RECORD SET section start
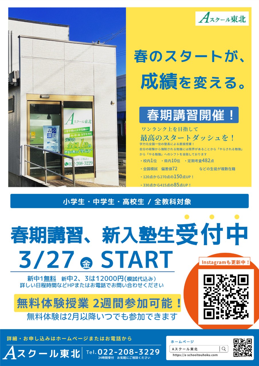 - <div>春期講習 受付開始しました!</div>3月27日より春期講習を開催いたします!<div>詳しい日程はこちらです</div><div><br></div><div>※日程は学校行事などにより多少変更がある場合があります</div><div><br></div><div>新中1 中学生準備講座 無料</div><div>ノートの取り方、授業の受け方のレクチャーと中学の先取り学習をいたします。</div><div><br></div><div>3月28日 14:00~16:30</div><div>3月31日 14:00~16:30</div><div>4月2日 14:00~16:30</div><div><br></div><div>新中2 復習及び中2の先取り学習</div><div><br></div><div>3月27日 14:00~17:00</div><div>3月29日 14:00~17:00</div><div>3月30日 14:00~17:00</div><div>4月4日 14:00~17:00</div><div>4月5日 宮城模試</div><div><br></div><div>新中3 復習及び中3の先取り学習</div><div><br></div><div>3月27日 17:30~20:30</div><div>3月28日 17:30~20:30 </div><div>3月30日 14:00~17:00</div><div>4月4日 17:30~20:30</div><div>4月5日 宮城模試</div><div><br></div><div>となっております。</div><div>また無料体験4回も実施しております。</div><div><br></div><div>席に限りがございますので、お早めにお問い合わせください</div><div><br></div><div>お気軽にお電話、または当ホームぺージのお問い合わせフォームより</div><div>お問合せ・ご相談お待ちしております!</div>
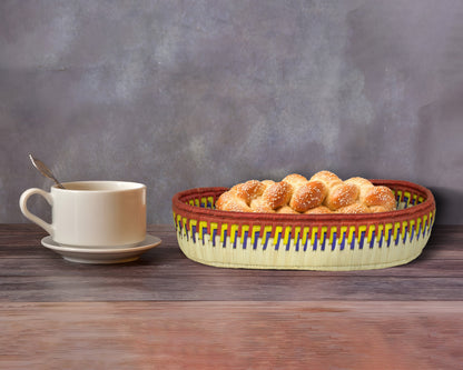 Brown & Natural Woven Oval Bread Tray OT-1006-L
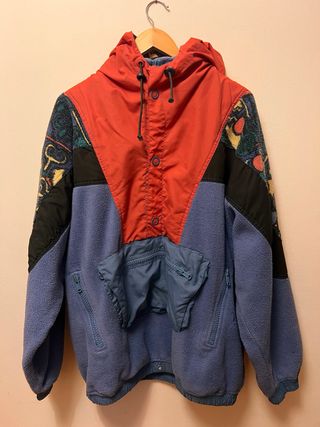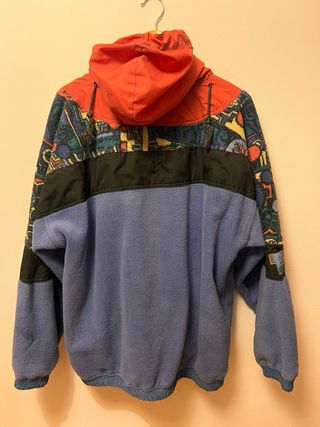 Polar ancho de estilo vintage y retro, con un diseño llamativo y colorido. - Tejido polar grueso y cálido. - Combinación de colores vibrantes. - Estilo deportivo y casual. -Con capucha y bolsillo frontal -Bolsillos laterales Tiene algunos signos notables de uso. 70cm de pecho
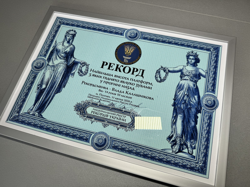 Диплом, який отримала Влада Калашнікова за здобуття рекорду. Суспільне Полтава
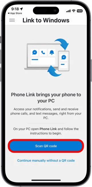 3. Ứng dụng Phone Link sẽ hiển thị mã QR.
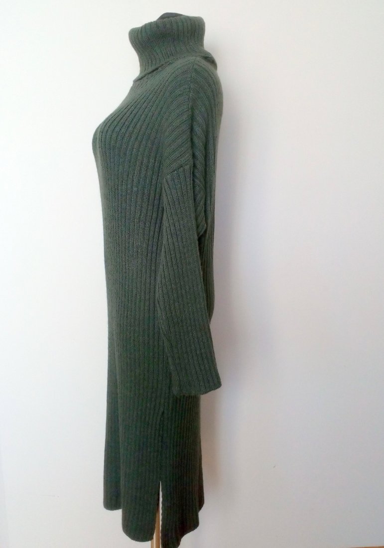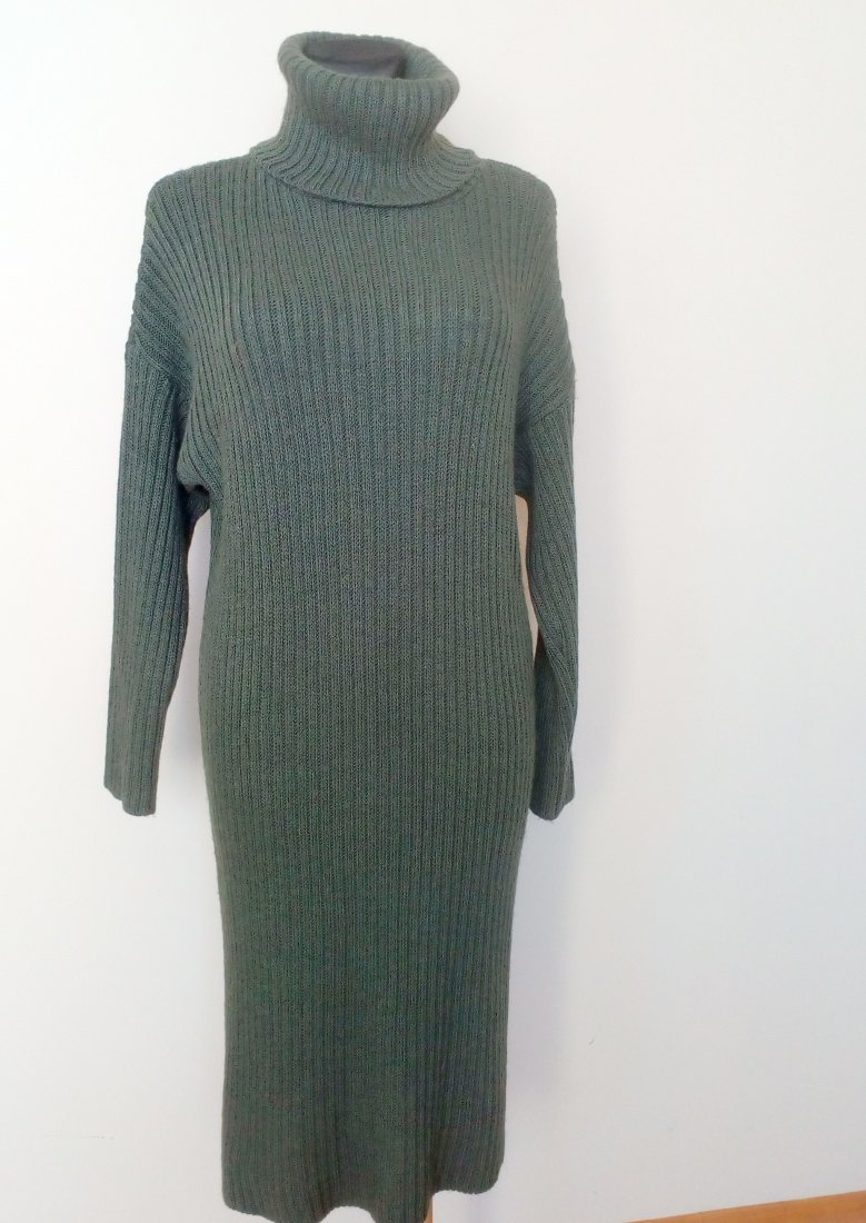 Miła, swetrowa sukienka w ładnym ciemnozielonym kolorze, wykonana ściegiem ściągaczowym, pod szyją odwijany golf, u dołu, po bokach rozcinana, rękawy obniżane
RECORD SET section end
→ GOAL OF THE EXERCISE: The copy starts at the line holding "3. Ứng dụng Phone Link sẽ hiển thị mã QR." and ends at the last line of the records above. Transcribe those lines exactly, pictures excluded.

→ ANSWER TO THE PROBLEM:
 3. Ứng dụng Phone Link sẽ hiển thị mã QR.
 Miła, swetrowa sukienka w ładnym ciemnozielonym kolorze, wykonana ściegiem ściągaczowym, pod szyją odwijany golf, u dołu, po bokach rozcinana, rękawy obniżane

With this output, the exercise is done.